I was wondering the same thing myself. Here is the blurb from the official website;
For this 2022 edition we have utilised a completely new set of high-definition 24bit/192kHz transfers of the original two-track stereo master tapes. Almost every tape box is marked “Edited & Passed: JC” where John Culshaw personally initialled each reel as passed for production. These transfers were made as part of Universal Music’s preservation project at the Arvato facility in Gütersloh, Germany. Overseen by Andrew Wedman, formerly of Emil Berliner Studios, the tapes were aligned and played on Studer A820 machines coupled with Weiss analogue to digital converters and a proprietary workstation to record the output.
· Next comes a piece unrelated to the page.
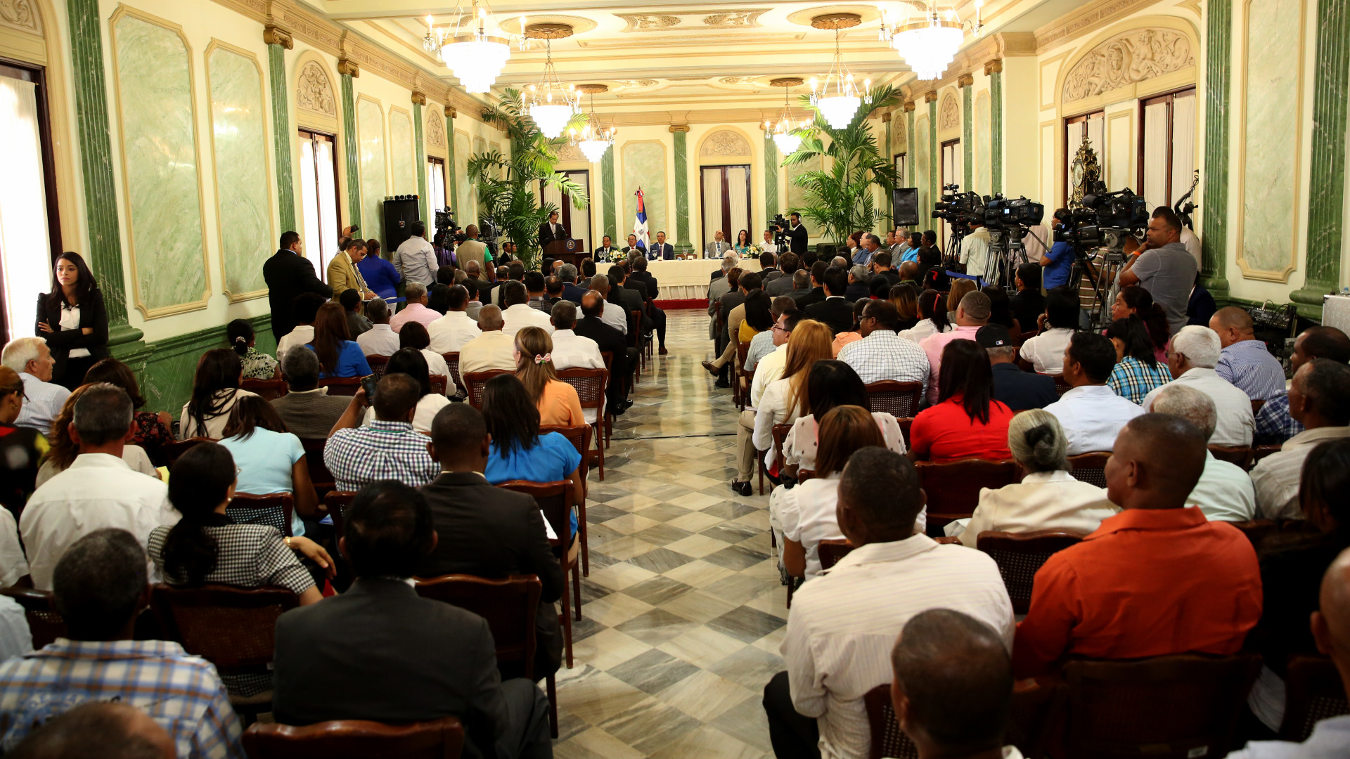 Asistentes al acto de firma del acuerdo entre el Gobierno de la República Dominicana y el Programa de las Naciones Unidas para el Desarrollo (PNUD) para evaluar el impacto de las visitas sorpresa del presidente Danilo Medina, celebrado en el Salón Verde del Palacio Nacional, el 3 de julio de 2014. Fotos: Raúl Pérez y Luis Ruiz Tito/Presidencia República Dominicana www.youtube.com/watch?v=Zdrdb6R2jtw

Working with 38 reels of original mastertapes –some up to 65 years old and spanning seven years of recording–there were inevitably instances where some individual tapes needed edit repairs or suffered oxide shedding. Tapes in poor condition were baked for ten hours at 55°C to restore their integrity. The playback alignment was greatly helped by the fact that the first tape reel in each opera has an announcement from engineer James Brown or, in the case of Die Walküre Culshaw himself, with left/right identifiers and a series of tones to ensure the correct calibration of the tape head. Decca’s 1950s Ampex-designed AME noise reduction circuit –a precursor of the Dolby circuitry to reduce tape hiss –was not deployed such that we could use the very latest noise reduction software at the remastering stage.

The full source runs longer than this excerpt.